When you retype the data, keep every word exactly and include none of the pictures.

> [Supplied data]:
╔══
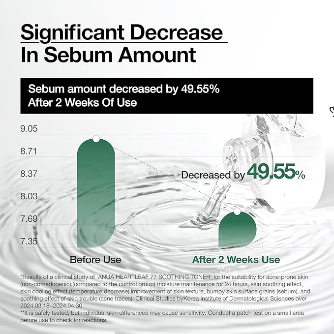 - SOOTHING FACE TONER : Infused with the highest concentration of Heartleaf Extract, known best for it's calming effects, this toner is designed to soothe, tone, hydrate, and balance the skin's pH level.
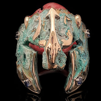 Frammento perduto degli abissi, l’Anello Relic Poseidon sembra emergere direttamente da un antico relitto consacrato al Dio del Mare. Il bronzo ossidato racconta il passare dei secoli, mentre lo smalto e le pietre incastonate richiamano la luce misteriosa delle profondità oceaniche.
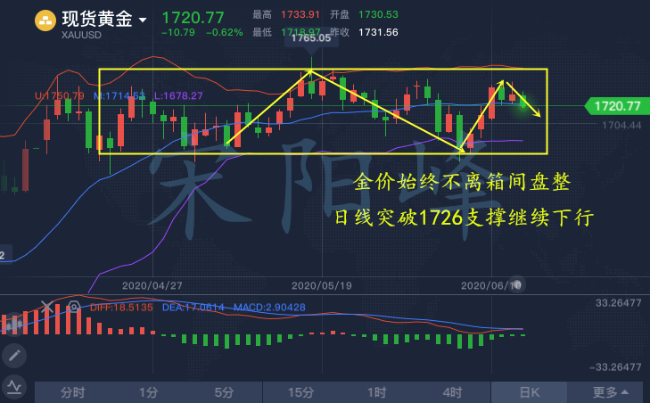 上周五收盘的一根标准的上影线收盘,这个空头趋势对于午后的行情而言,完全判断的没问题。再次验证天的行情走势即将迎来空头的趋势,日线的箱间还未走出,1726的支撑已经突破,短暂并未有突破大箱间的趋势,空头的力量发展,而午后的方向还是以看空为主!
╚══
> [Expected answer]:
 - SOOTHING FACE TONER : Infused with the highest concentration of Heartleaf Extract, known best for it's calming effects, this toner is designed to soothe, tone, hydrate, and balance the skin's pH level.
 Frammento perduto degli abissi, l’Anello Relic Poseidon sembra emergere direttamente da un antico relitto consacrato al Dio del Mare. Il bronzo ossidato racconta il passare dei secoli, mentre lo smalto e le pietre incastonate richiamano la luce misteriosa delle profondità oceaniche.
 上周五收盘的一根标准的上影线收盘,这个空头趋势对于午后的行情而言,完全判断的没问题。再次验证天的行情走势即将迎来空头的趋势,日线的箱间还未走出,1726的支撑已经突破,短暂并未有突破大箱间的趋势,空头的力量发展,而午后的方向还是以看空为主!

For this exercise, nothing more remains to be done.